Pictures by: Timothy Shire II

Let's Go For A Ride

FTLComm - Watson Lake Yukon - Wednesday, November 28, 2001

I spent the summer of 1981 learning to fly and on June 5th and 6th the following summer with my trusty number one son as copilot, we flew our Cessna 172 from Moose Jaw to Watson Lake. Like anything else, if you want to develop your skill, you need to practice and on every opportunity I would be out to the airport and off into the Mountain air.

These pictures were taken on August 19, 1982 by Tim II. My friend Glenn White lent me his daughter Shawnalea and Tim's buddy Glenn to go for a short afternoon flight.

Our objective was to leave the airport drift over the canyon South of town then head North East over the mountains to Blind Lake (right) and return. The whole flight would take forty-eight minutes.

Watson Lake was named after an early explorer of the area a Mr. Watson who married and lived out his life in a cabin just North of the lake the bore his name. His grand daughter Linda McDonald was a teacher in the Watson Lake High School.
 
 

The picture above shows the East end of Watson Lake and the airport that was established by Sheldon Luck the pioneer aviator who trail blazed the route to Alaska with the threat of Japanese invasion spurring on development of this World War II air base and others like it.

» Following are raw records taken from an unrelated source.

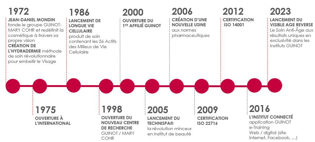 Le monde de la Beauté est en constante évolution. Guinot - Mary Cohr se distingue par sa capacité à anticiper les tendances et à imaginer des solutions novatrices. C’est ainsi que le groupe Guinot - Mary Cohr existe depuis plus de 52 ans.
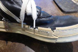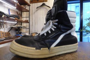 メンテナンスのご依頼が殺到しているリックオウエンスのスニーカーですが、今回はいつもと違う内容の修理をご紹介します。
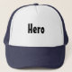 Hero Text Name mit weißem und Navy Color Trucker Hat oder Caps. Sie können den Namen des Texts bearbeiten oder ändern.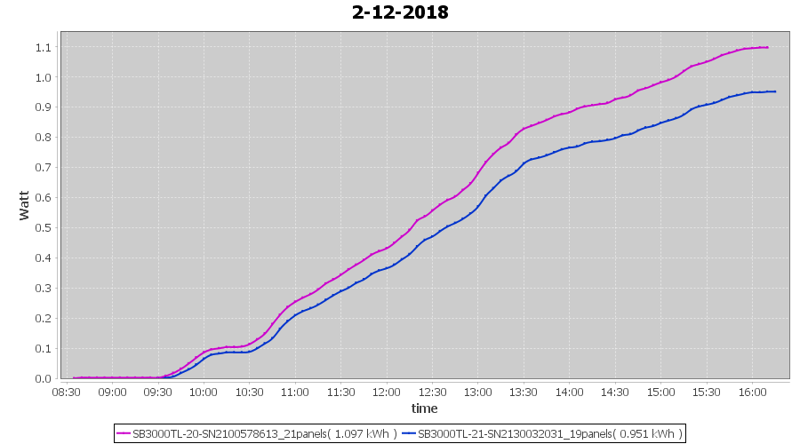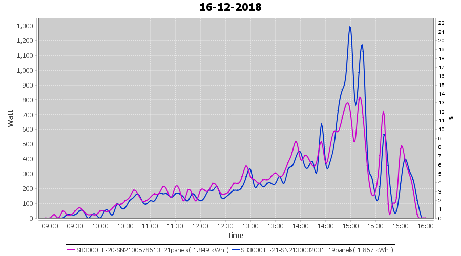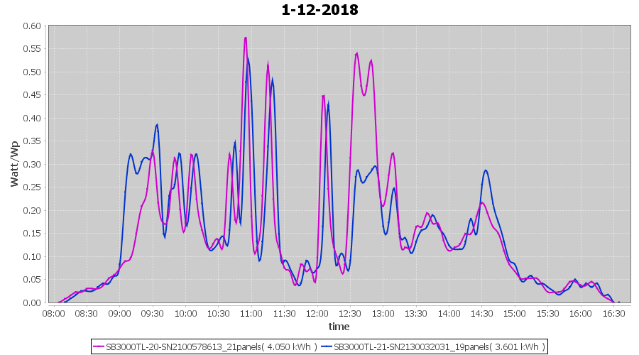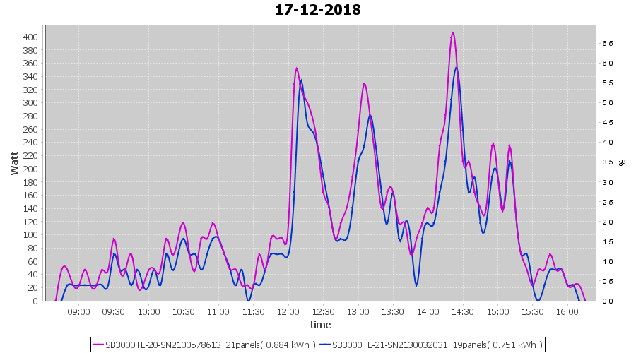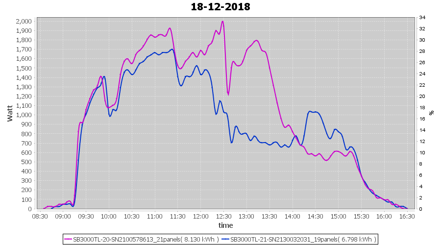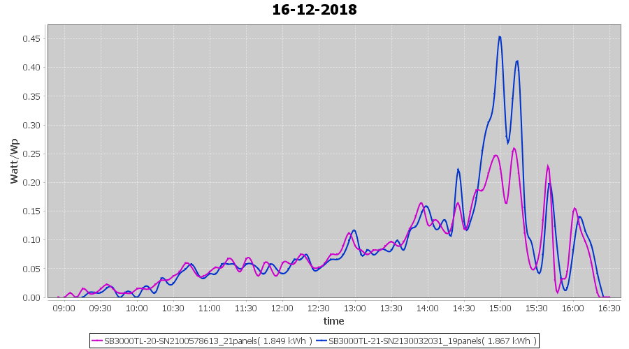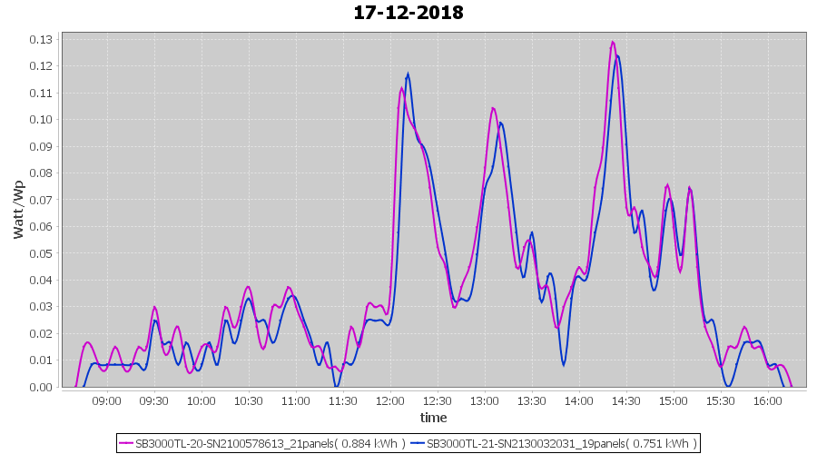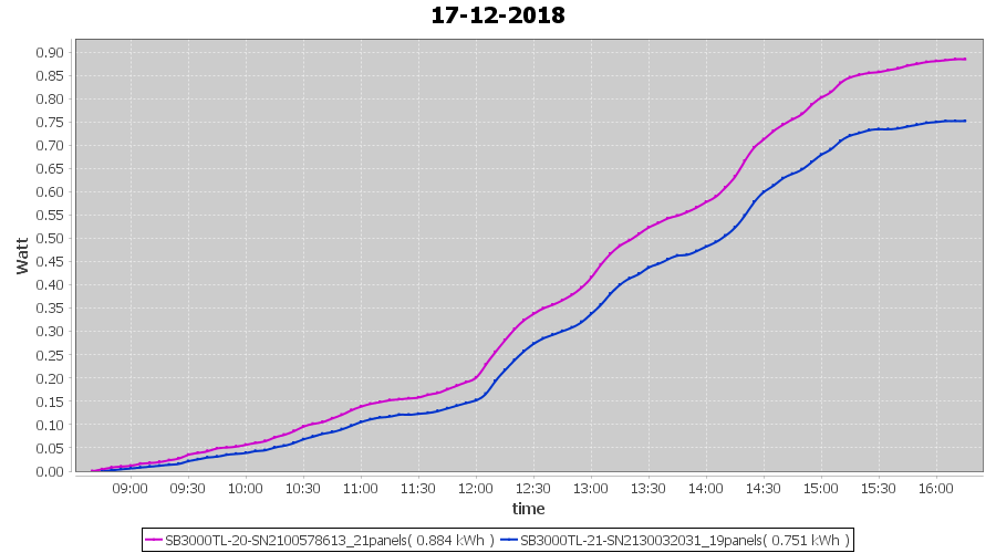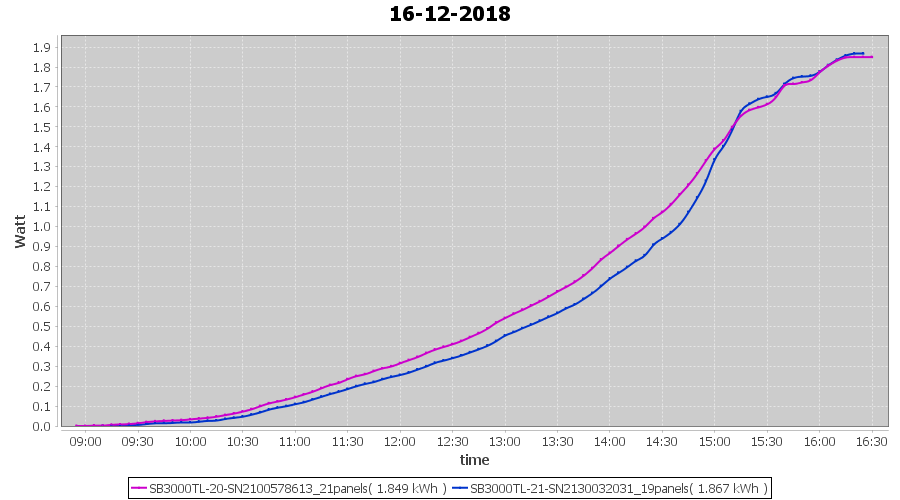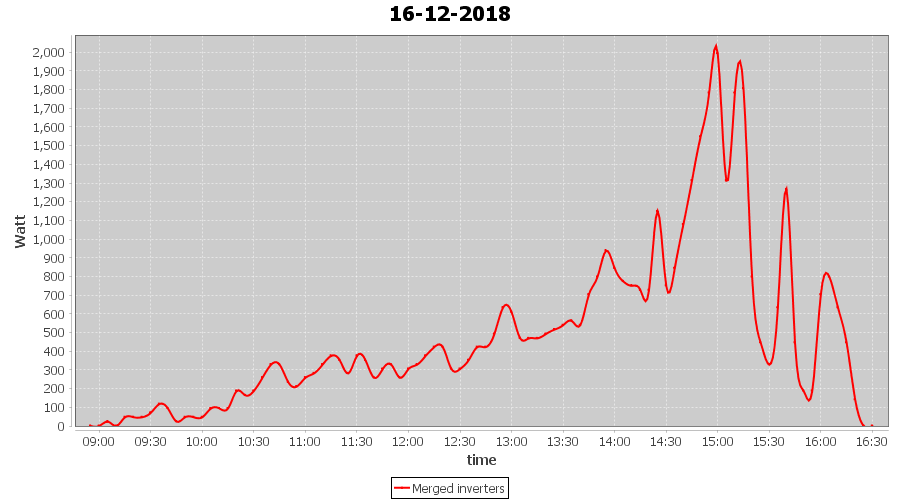 | 16-12-2018 | kWh | Sum | W/Wp | 3.716 | 6000 | 0.6 | 1.719 | € 1.33 | 2.0 |

Just West of the airport and Lake is the Liard valley with the powerful river being jammed into a tight canyon about two miles South of the
 
 

townsite. This picture shows the exit from the steep walled canyon which is less than a mile long. The picture above that Tim squeezed off as we wheeled through the canyon shows the rapids. This spectacular run through the canyon was always done with the little 172 at its maximum speed allowing me to handle any down drafts that we often encountered.

The Yukon is forested and can be ravaged by nasty fires these marks on the right show the devastation of an alpine fire.

In August the mountains to the North of town were already getting their winter caps and as you can see the sky to the North was low and hostile. Half an hour further North would take us over the North West Territory's border to the mining town of Cantung.